Для проверки того, что все последовательности не меньше 50 а.к. была проведена проверка с помощью infoseq:

# Вариант ген кода
infoseq -sequence promejutok -only -length | awk '$1 < 50 {count++} END {print count}'

Потом по этому файлу с последовательностями была создана белковая база данных, для дальнейшего использования алгоритма blast. Это было сделано с помощью команды:

# Белковая база
makeblastdb -in promejutok -dbtype prot -out proteome

Получение последовательностей гомологичных метилтрансфераз

Для получения последовательностей гомологичных метилтрансфераз была написана команда:

# Получение последовательностей метилтрансфераз
echo 'sw:P0AED9 sw:P0AEE8 sw:P23941' | tr ' ' '\n' | seqret -filter '@stdin' -outseq query.fasta

Поиск по сходству последовательностей

Далее был применён алгоритм BLAST поиска сходства. Это было сделано с помощью команды:

# Применение blastp для поиска сходства
blastp -query query.fasta -db proteome -outfmt 7 -out blastp.out

Была получена таблица, в которой была выбрана лучшая находа NZ_CP053923.1_15182 с evalue 3,13 × 10-13. Оказалось, что нашёлся гомолог m4C метилтрансферазы.

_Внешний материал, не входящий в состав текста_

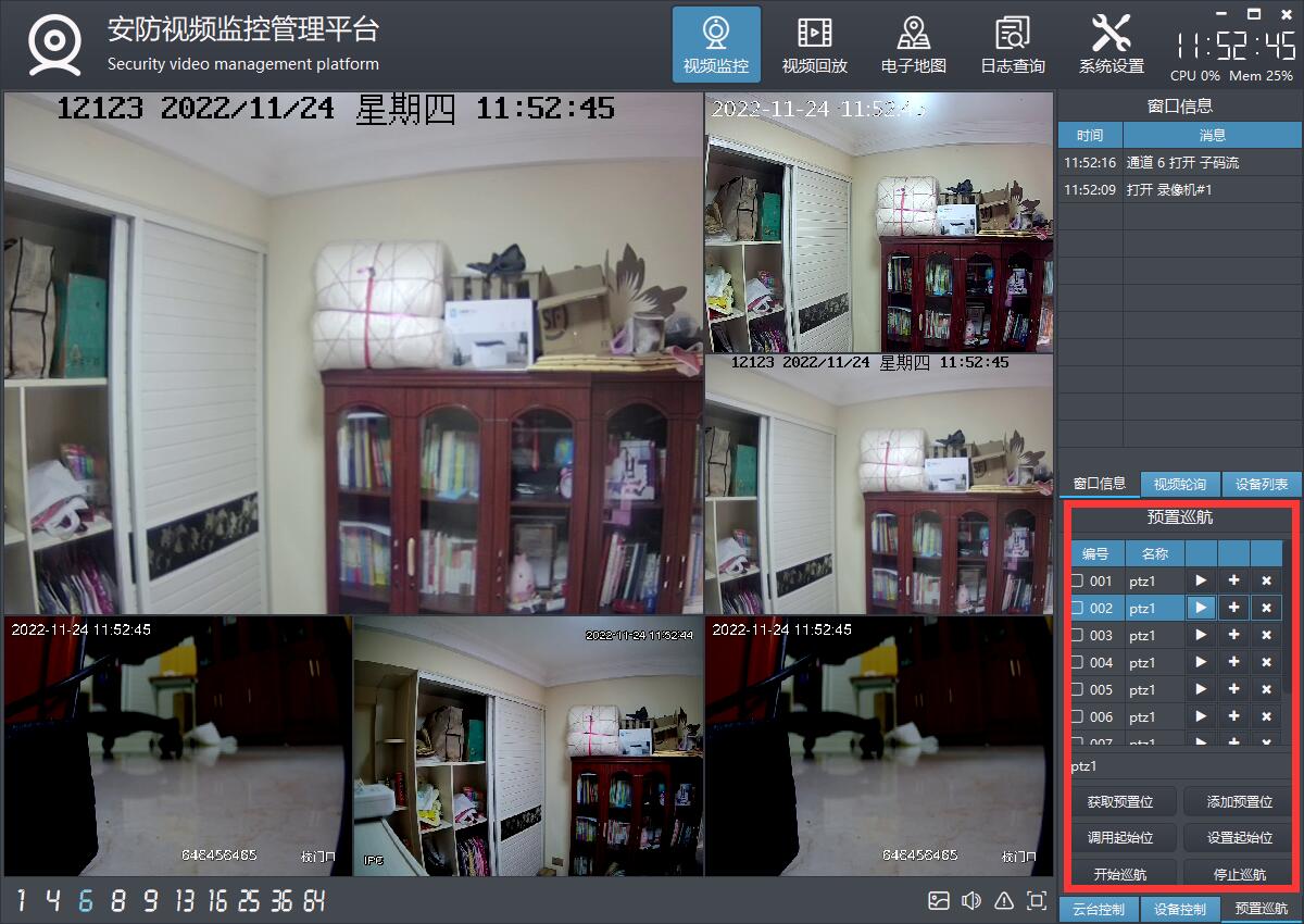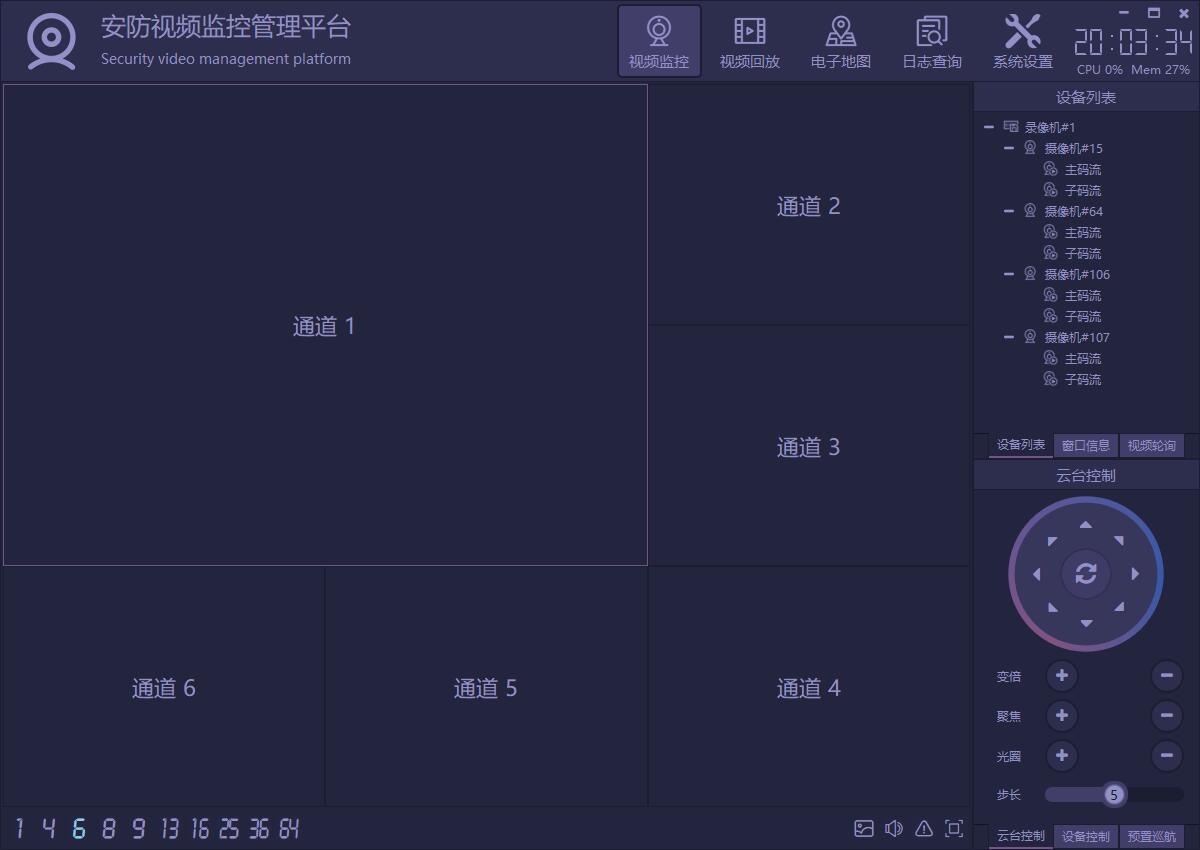 主要功能包括摄像机管理,实时视频显示,视频轮询、视频存储、设备地图显示,各种画面切换,各种悬停子模块、onvif搜索设备和云台控制及预置位,通用的NVR视频流播放(比如海康的NVR支持直接取流回放),录像计划、用户管理等功能。
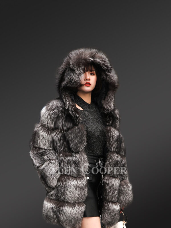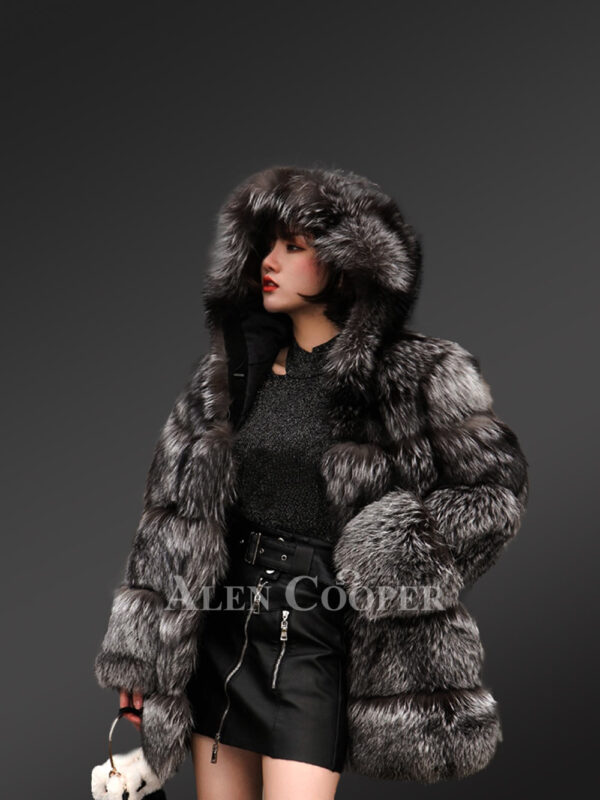 Womens Fox Fur Coat with Hood for Warmth and Style in Winter
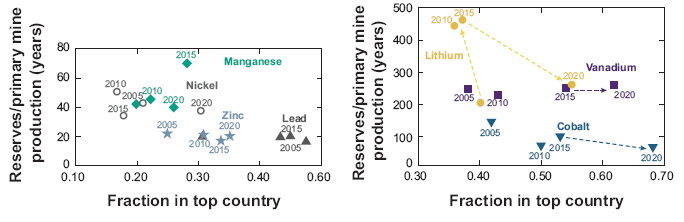 然而,隨著時(shí)間的推移而減少或增加,表明市場(chǎng)存在波動(dòng)的可能性。圖2.9繪制了幾個(gè)關(guān)鍵要素隨時(shí)間(以五年為增量)相對(duì)于最大生產(chǎn)國(guó)供應(yīng)比例的靜態(tài)消耗指數(shù)。它表明,與鋼(即錳、鎳)、鋅和鉛相關(guān)的元素的消耗指數(shù)在過(guò)去20年中一直相對(duì)穩(wěn)定(圖2.9a),而靜態(tài)消耗指數(shù)和鋰的供應(yīng)集中度、鈷和釩的揮發(fā)性更強(qiáng)(圖2.9b)。特別是,鈷的生產(chǎn)地點(diǎn)在地理上變得更加集中,鈷的靜態(tài)消耗指數(shù)隨著時(shí)間的推移而下降。
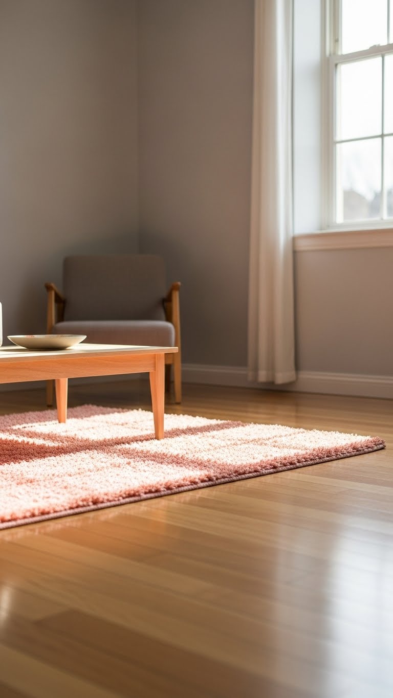 Add a small rug for floor color. Find one online for $15. Lay it under furniture. DIY: Paint a plain mat. Your floors will pop subtly.
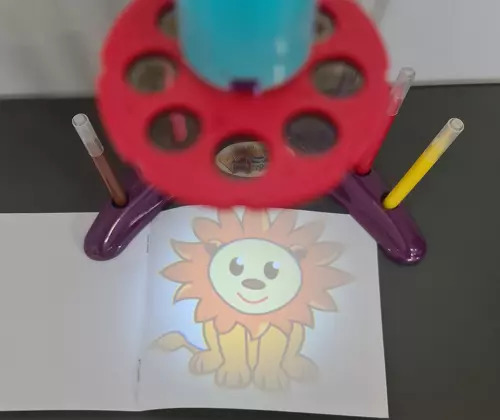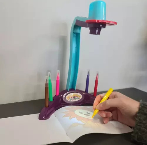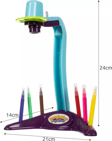 Vďaka projektoru sa deti naučia správne kresliť a maľovať. Projektor má podsvietenie a po umiestnení diapozitívu sa na papier zobrazí vybraný vzor. Súčasťou sady sú 3 disky s 24 obrázkami (1 kruh má 8 obrázkov) s témami ako sú vozidlá, zvieratá, ovocie a zelenina. Projektor je dodávaný spolu s fixami a zošitom na maľovanie.
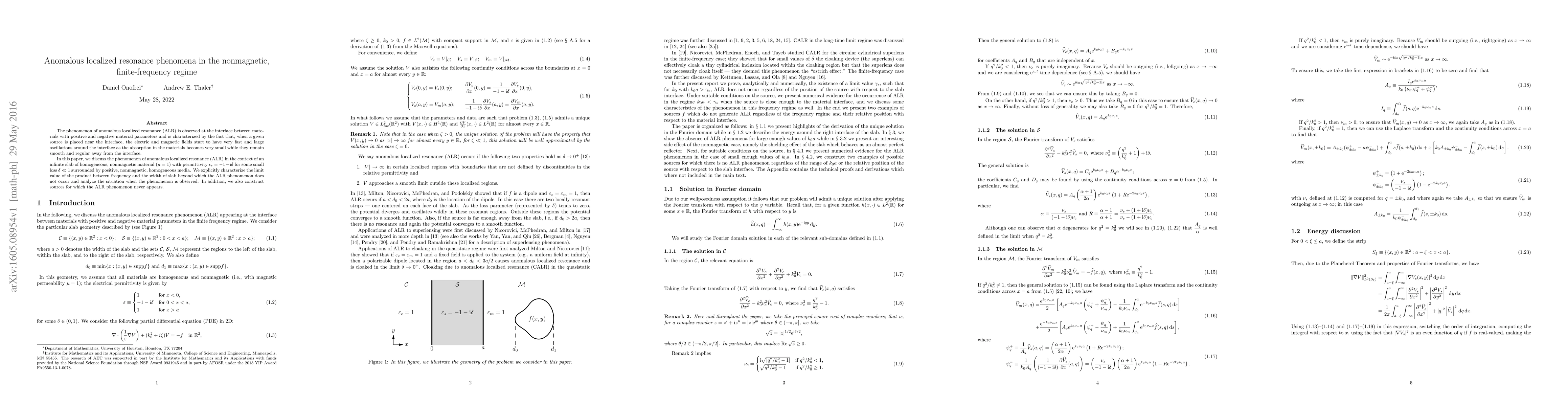 The phenomenon of anomalous localized resonance (ALR) is observed at the interface between materials with positive and negative material parameters and is characterized by the fact that, when a given source is placed near the interface, the electric and magnetic fields start to have very fast and large oscillations around the interface as the absorption in the materials becomes very small while they remain smooth and regular away from the interface. In this paper, we discuss the phenomenon of anomalous localized resonance (ALR) in the context of an infinite slab of homogeneous, nonmagnetic material ($\mu=1$) with permittivity $\epsilon_s=-1-\mathrm{i}\delta$ for some small loss $\delta \ll 1$ surrounded by positive, nonmagnetic, homogeneous media. We explicitly characterize the limit value of the product between frequency and the width of slab beyond which the ALR phenomenon does not occur and analyze the situation when the phenomenon is observed. In addition, we also construct sources for which the ALR phenomenon never appears.
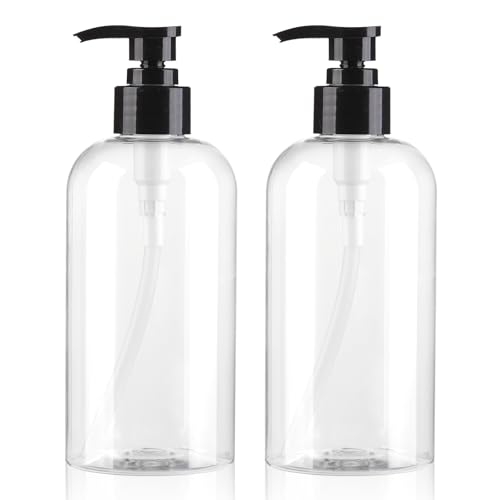 Empty Pump Bottles Dispenser 12.85oz/380ml, Refillable Clear BPA-Free Plastic Pump Bottle for Shampoo, Lotion, Soap and Massage Oil, 2 Pack
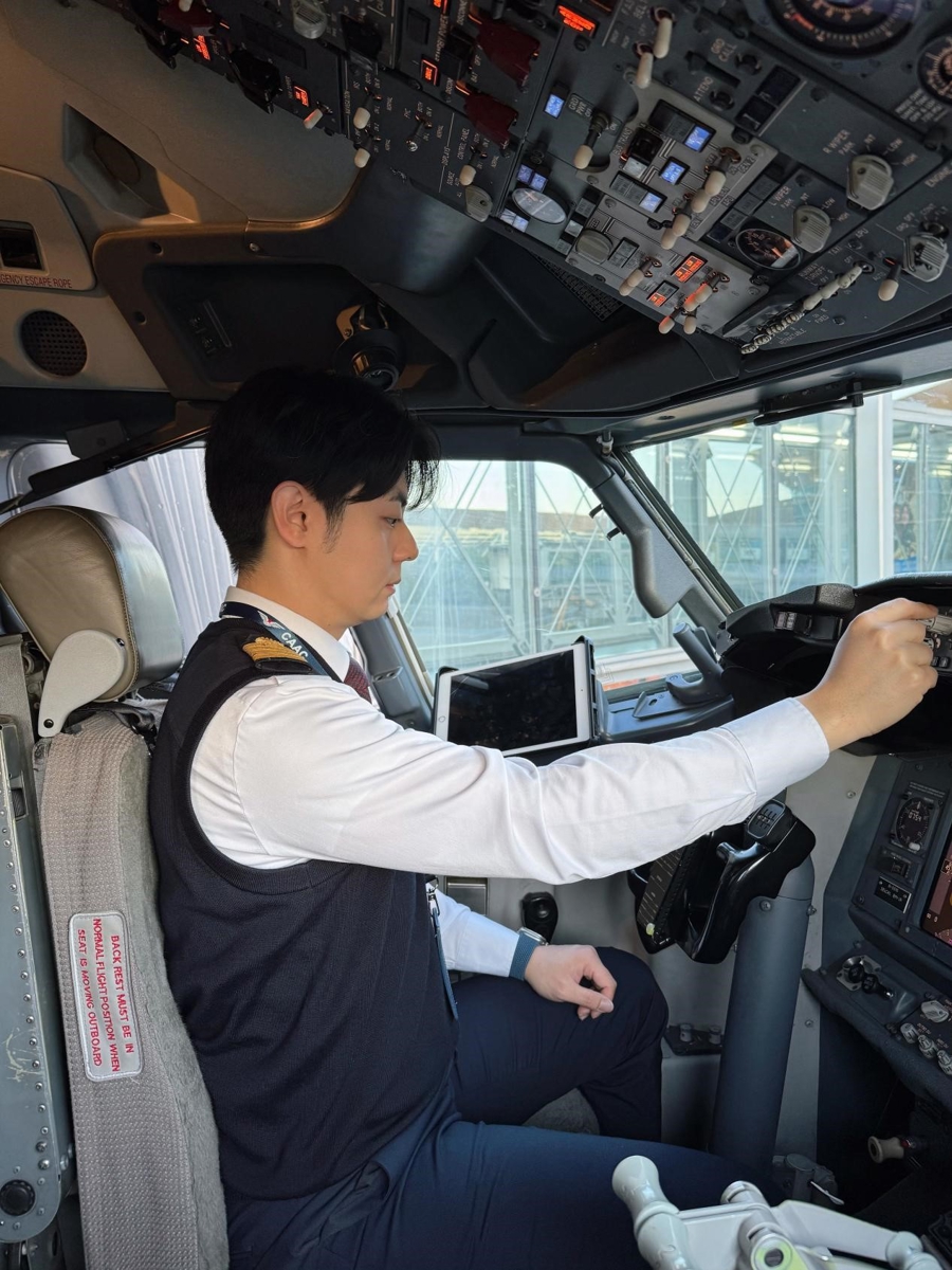马天元在飞机驾驶舱。
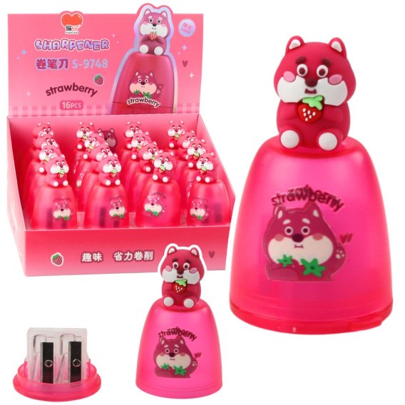 Różowa funkcjonalna temperówka z motywem uroczego zwierzaka to doskonałe akcesorium do piórnika każdego dziecka. Strugaczka posiada dwa otwory, co pozwala na wygodne temperowanie zarówno cienkich, jak i grubych kredek.
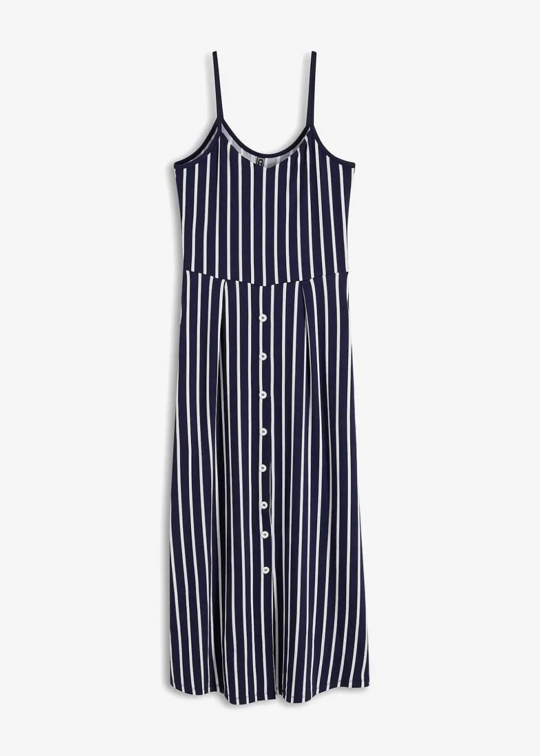 Kleid im eleganten Stil, mit Spaghetti-Trägern. Ab Taille mittig mit einer kleinen Knopfleiste bis zum Saum versehen
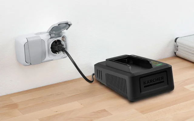Das Schnellladegerät kann dank der integrierten Wandhalterung ganz einfach an der Wand befestigt werden. Mit dem Schnellladegerät ist der Kärcher Battery Power Wechselakku in nur 44 Minuten zu 80 % aufgeladen. Auch alle weiteren 18 V Battery Power Wechselakkus der Kärcher 18 V Battery Power Akkuplattform können damit aufgeladen werden.
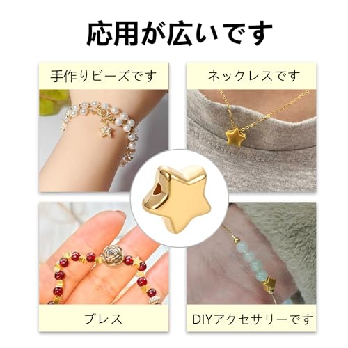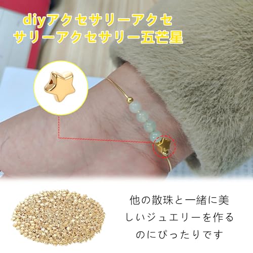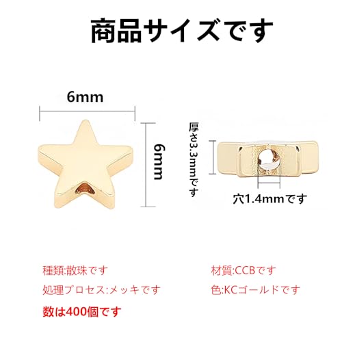 ビーズ パーツ 星 ゴールド 真鍮 400個 ビーズ 星 6mm 金属ビーズ 大穴ビーズ 糸通しビーズ デコ ビーズ ブレスレット ネックレス スター 穴あり ビーズアクセサリーパーツ 手作り素材 ジュエリー作り レディース デコキット DIY飾り物
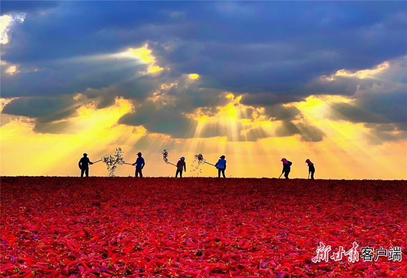 高台县辣椒喜获丰收,村民抓紧晾晒辣椒。新甘肃·甘肃日报记者 张铁梁
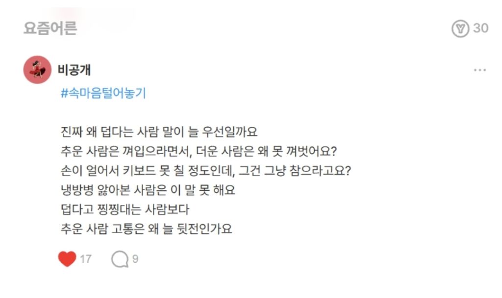 작성자난100억부자가된다 작성시간 25.10.24 여름에 에어컨 빡세게 트는거 ㅇㅈ 근데 더위타는 사람은 겨울에도 덥다고 난방 끔^^
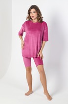 Темный костюм из кулирки майка + шорты. Майка темная, сбоку принт в виде узора их огурцов и растительных мотивов, планка с декоративными кнопками. Аналогичный дизайн шорт, длина чуть выше середины бедра. Размеры от 40 до 52. Есть возможность розничного приобретения товара.
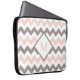 Denna moderna gigantiska laptop sleeve har en rosa och grått chevron mönster med anpassningsbar monogram för matchande rosa-skuggning.
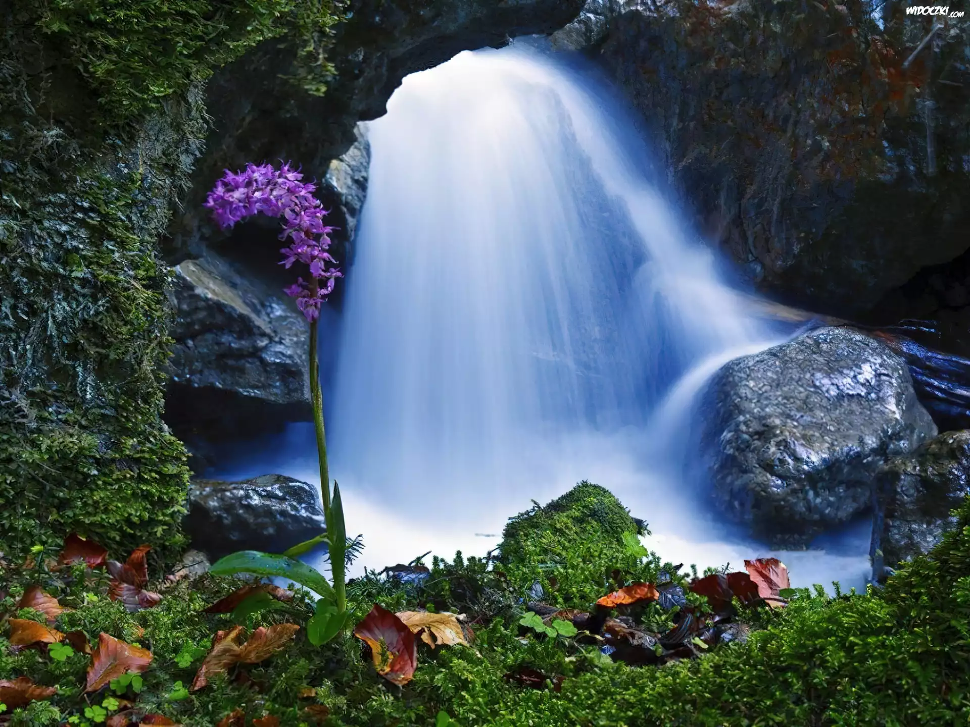 Zdj臋cia, Wodospad, Kamienie, Kwiatki

Чтобы узнать координаты находки, была применена команда:

# Применение blastp для поиска сходства
grep 'NZ_CP053923.1_15182' promejutok

Координаты: 2674046 - 2675512.

Затем для нахождения в таблице локальных особенностей ближайших кодирующих последовательностей были написаны следующие команды:

# Нужные колонки и строчки из таблицы особенностей
cut -f 3,4,5,7,9 genomic.gff | grep '^CDS' | cut -f 2-5 > CDS.tsv

# Включение нашей находки в таблицу и соседи
echo -e '2674046\t2675512\t+\tFOUND-ORF' | cat - CDS.tsv | sort -n | grep -C 3 'FOUND-ORF' > neighbors.tsv

Ссылка на файл с соседними CDS.

В последнем представленном файле наша находка пересекается с двумя соседями, одним выше и одним ниже, однако полного совпадения нет. Но можно заметить, что наша находка хорошо перекрывается с нижним соседом.

Поиск по аннотациям кодирующих участков

Для поиска по аннотациям мне понадобилась команда:

# Поиск по аннотациям
elink -db 'nuccore' -id 'NZ_CP053923.1' -target 'protein' |
efilter -query '(2.1.1.37[ECNO] OR 2.1.1.72[ECNO] OR 2.1.1.113[ECNO])'

Однако число находок оказалось равным нулю. Это говорит о том, что я бы не смог найти CDS по аннотации кодирующих участков.

Также хочется отметть, что метилтрансфераза у моей бактерии всё таки есть. Нижний сосед моей находи является метилтрансферазой, но у него нет EC-кода. Его AC: WP_317628942. На сайте NCBI, в базе данных Protein указан только продукт (site-specific DNA-methyltransferase) и предсказанная молекулярная масса.